O fato de Wiliam ser religioso e adepto ao humanismo e a razão, já é um prenuncio da
mudança na forma de pensar.

Cena 5: Encontram a mulher, um gato preto e uma galinha preta.

Nessa cena, a mulher vai ser acusada de bruxaria pelos objetos encontrados junto a ela.
Na primeira cena já falamos de como neste contexto histórico a mulher é subjugada,
especialmente a mulher não cristã. Isso demanda um número muito grande de mulheres
acusadas, torturadas e queimadas na Inquisição, pois dizer que o cristianismo alcançava
a todos na sociedade medieval seria um equivoco quando nem a própria doutrina cristã
era bem difundida na época, especialmente nos campos. O paganismo continua a existir
nessa sociedade, muitas vezes fundido ao cristianismo. Vale lembrar também que uma
parcela esmagadora da sociedade não era letrada, então os costumes iam passando pelas
gerações. Com a Inquisição se matou muitas mulheres com o argumento da bruxaria,
quando na maioria das vezes as mulheres estavam pondo em prática seus conhecimentos
sobre a natureza.

Cena 6: “Quem contesta um veredicto de um inquisidor é culpado por heresia”
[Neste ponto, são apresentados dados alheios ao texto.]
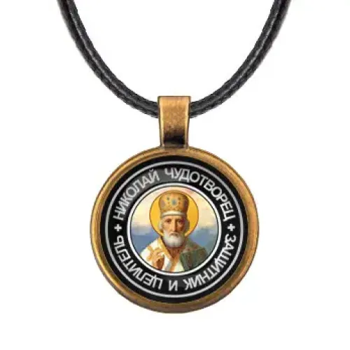Кулон со шнурком Святой Николай Чудотворец — это не только стильный аксессуар, но и символ веры и надежды. Изготовленный из бижутерного сплава с покрытием под бронзу и стекла, этот кулон станет прекрасным подарком для близких или личным оберегом. Основные особенности:

William profere esta frase quando seu discípulo Adso o questiona por não ter defendido
aquela mulher acusada de bruxaria mesmo sabendo a verdade. William contestou um
veredicto de um inquisidor quando este culpou um escrivão apenas por ter traduzido
uma obra secular e para William esse não deveria ser o objetivo da Inquisição, acusado
de heresia teve de pedir ajuda ao Papa.

Esta cena reflete como na Inquisição se punia por muito pouco, traduzir um livro
secular vira uma heresia, pois este livro poderia ser perigoso para a Igreja. Mas William
pensava no progresso do conhecimento, indo de encontro ao pensamento religioso.
Talvez por isso muitos intelectuais renascentistas vão embasar seus discursos unindo
deus e a ciência.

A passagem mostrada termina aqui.